My club striking seems to be ok but they sometimes take off on the wrong line.

[video=youtube_share;KhAbua5Ju4k]http://youtu.be/KhAbua5Ju4k[/video]

Cheers 
Ryan


----------



## brysoni23 (Aug 10, 2014)

[video=youtube_share;oCUQApCurG0]http://youtu.be/oCUQApCurG0[/video]


----------



## brysoni23 (Aug 10, 2014)

[video=youtube_share;Ui9-UapqCWU]http://youtu.be/Ui9-UapqCWU[/video]


----------



## brysoni23 (Aug 10, 2014)

[video=youtube_share;6FeMcw2Ld_I]http://youtu.be/6FeMcw2Ld_I[/video]


----------



## Maninblack4612 (Aug 10, 2014)

The fault that 75% of inexperienced golfers have. From the top you throw the right shoulder onto the outside, i.e. looking from behind it's immediately to the right of the left shoulder. This puts the club on an outside to in path and results in the ball going left, if the clubface is square to the swingpath, or slicing if the clubface is square to the intended direction of the shot. I would imagine you'd get both shots.

The not so simple solution is to swing back down on the same path as you swung up on. I can sometimes do that & I have only been playing for 57 years!


----------



## Maninblack4612 (Aug 10, 2014)

Having your cap on back to front doesn't help either!


----------



## brysoni23 (Aug 10, 2014)

Maninblack4612 said:



			Having your cap on back to front doesn't help either!
		
Click to expand...

This made me chuckle haha. I tried my hat at different angles and the results were the same lol.
I'll see if I can work on lifting the left shoulder on impact instead of bringing the right shoulder around. 

Only been back playing for the past 2 month so want to try get things sorted from the start.


----------



## London mike 61 (Aug 10, 2014)

Hi Ryan 
it looks to me like you are trying to 'hit' at the ball with your right arm being the dominant force of the blow.

To understand the cause and effect of this move, have a read of this part of the article, it explains quite well IMO what happens when the right arm is allowed to dominate the down swing.
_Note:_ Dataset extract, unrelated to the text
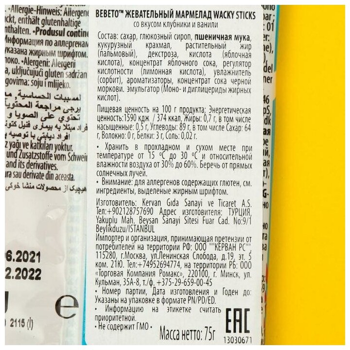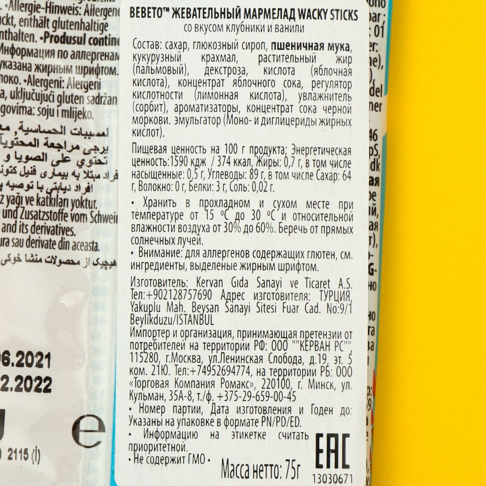 | Состав | сахар, глюкозный сироп, пшеничная мука, кукурузный крахмал, растительный жир (пальмовый), декстроза, кислота (яблочная кислота), концентрат яблочного сока, регулятор кислотности (лимонная кислота), увлажнитель (сорбит), ароматизаторы, концентрат сока черной моркови. эмульгатор (Моно- и диглицериды жирных кислот) |
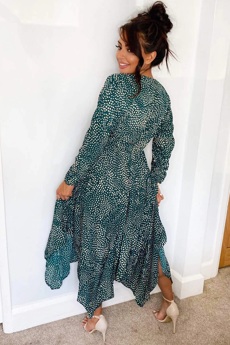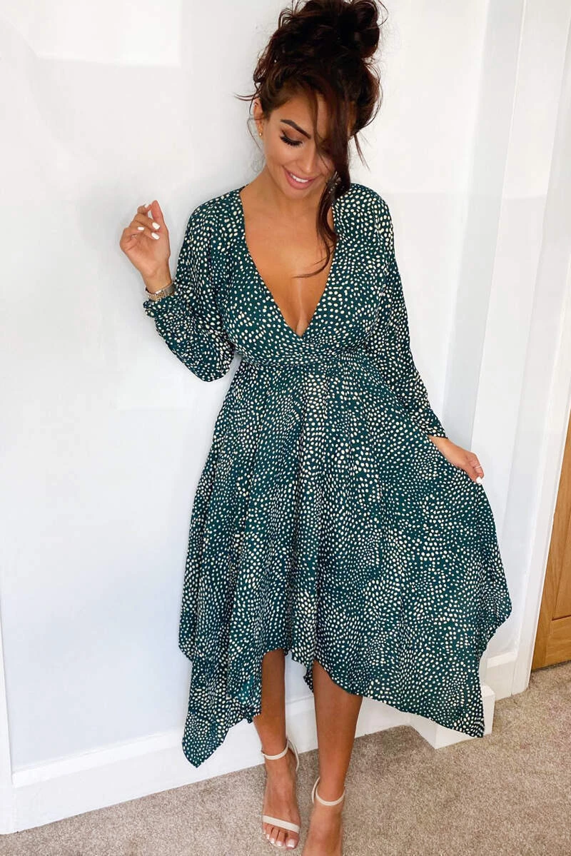 This Green Spotty Handkerchief Midi Dress is the perfect dress for any

http://www.golftoday.co.uk/proshop/tuition/lesson10.htm

EYG


----------



## virtuocity (Aug 10, 2014)

Coming into impact:




I've been working on this a lot recently following The Coach's video how posted by the meandmygolf guys.... watch from this 2:15:

[video=youtube_share;xvMiZQo70-E]http://youtu.be/xvMiZQo70-E?t=2m15s[/video]
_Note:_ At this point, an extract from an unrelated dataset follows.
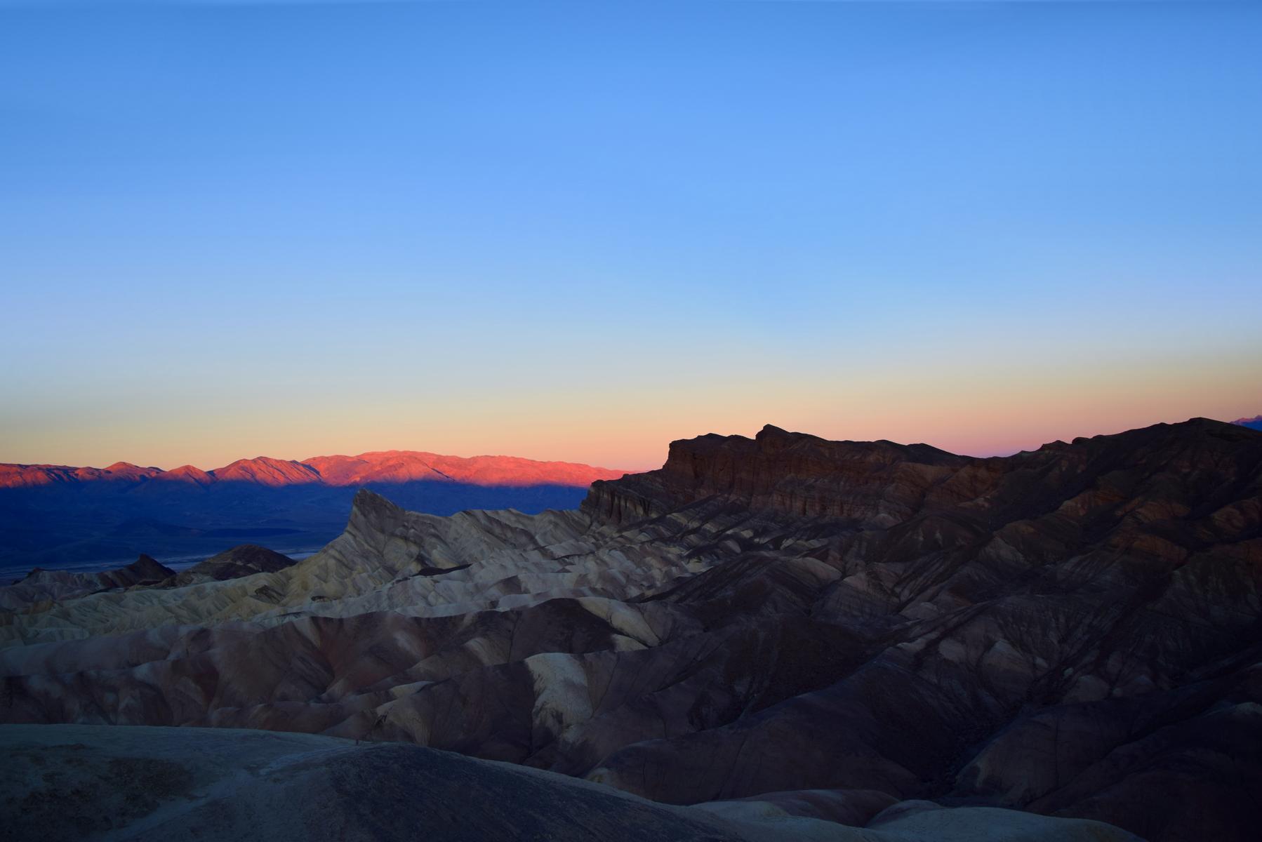 Toll... So gefällt mir der Zabriskie Point schon viel besser als zu den anderen Tageszeiten. Mein Lieblings Sonnenaufgang im Park bleibt allerdings Dantes View, aber das liegt wohl auch an der Ruhe die ich dort oben hatte. Klar, es ist wunderschön hier, aber eben auch überlaufen und dementsprechend laut. -

I really like a lot of things about your swing though- including the back to from cap look!


----------



## Farneyman (Aug 10, 2014)

HAHA check out the guy running on to the range to retrieve his club in the first clip...


:lol:


----------



## G1BB0 (Aug 10, 2014)

Farneyman said:



			HAHA check out the guy running on to the range to retrieve his club in the first clip...


:lol:
		
Click to expand...

great spot haha


----------



## virtuocity (Aug 10, 2014)

Farneyman said:



			HAHA check out the guy running on to the range to retrieve his club in the first clip...


:lol:
		
Click to expand...

Didn't spot this!! :thup:


----------



## Maninblack4612 (Aug 10, 2014)

brysoni23 said:



			I'll see if I can work on lifting the left shoulder on impact instead of bringing the right shoulder around.
		
Click to expand...

No, you don't want to do this. The feeling is that the shoulders rotate around the spine, which stays at the same angle throughout the swing. Lifting the left shoulder is not good. You need to hold the right shoulder back.


----------



## the_coach (Aug 10, 2014)

At some point after trying to have a more centered turn where your vertical height stays virtually the same throughout the backswing then back to impact, you're going to have to look at your grip. 

(to enable the wrists to work as they should & take the club back more on the plane the shaft was at address, your right hand is a good ways 'under' the grip right thumb to central on handle so probably to much in the palme of the right hand, so pretty strong, so has too much influence within the whole swing motion, lot of vids around on a more neutral grip)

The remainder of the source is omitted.